Work order: Look through the records below for the line with "既存設備との取り合いを確認し、効率的な換気が行えるよう計画しています。". Return that line and each one after it up to and including the line with "4月15-21日,在石家庄市", exactly.

Information supplied:
====
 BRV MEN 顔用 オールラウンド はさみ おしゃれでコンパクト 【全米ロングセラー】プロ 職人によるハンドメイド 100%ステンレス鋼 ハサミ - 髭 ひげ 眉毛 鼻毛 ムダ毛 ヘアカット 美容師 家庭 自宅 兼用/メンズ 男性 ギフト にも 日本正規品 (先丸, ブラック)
====
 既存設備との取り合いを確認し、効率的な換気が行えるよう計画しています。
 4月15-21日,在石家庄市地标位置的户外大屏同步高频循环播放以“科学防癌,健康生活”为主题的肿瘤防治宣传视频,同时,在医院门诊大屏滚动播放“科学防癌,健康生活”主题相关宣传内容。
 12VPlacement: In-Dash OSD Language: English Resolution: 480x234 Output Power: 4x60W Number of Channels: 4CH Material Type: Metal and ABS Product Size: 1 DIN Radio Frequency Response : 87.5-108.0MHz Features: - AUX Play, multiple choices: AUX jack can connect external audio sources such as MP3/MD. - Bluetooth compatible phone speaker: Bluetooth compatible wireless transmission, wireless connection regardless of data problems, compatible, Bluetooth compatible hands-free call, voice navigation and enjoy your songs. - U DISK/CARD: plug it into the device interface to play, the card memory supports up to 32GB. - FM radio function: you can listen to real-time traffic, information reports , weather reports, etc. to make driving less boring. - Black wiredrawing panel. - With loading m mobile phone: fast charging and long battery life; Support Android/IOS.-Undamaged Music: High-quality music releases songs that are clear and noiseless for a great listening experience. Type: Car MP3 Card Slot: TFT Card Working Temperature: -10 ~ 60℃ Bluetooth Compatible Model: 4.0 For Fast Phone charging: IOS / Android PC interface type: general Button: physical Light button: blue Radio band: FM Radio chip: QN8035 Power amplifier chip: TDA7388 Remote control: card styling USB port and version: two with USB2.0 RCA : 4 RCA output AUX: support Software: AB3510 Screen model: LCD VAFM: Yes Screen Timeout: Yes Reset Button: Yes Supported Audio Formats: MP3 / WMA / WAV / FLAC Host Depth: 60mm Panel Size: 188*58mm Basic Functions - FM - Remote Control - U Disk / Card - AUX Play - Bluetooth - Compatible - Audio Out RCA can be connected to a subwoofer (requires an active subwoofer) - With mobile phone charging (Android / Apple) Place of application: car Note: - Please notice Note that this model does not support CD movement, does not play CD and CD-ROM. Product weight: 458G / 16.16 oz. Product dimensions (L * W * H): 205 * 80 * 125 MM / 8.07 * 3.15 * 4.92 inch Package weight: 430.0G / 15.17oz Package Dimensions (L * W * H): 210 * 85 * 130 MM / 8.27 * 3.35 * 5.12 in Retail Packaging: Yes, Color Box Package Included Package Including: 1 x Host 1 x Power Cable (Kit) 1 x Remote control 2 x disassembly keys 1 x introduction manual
====
Written solution:
 既存設備との取り合いを確認し、効率的な換気が行えるよう計画しています。
 4月15-21日,在石家庄市地标位置的户外大屏同步高频循环播放以“科学防癌,健康生活”为主题的肿瘤防治宣传视频,同时,在医院门诊大屏滚动播放“科学防癌,健康生活”主题相关宣传内容。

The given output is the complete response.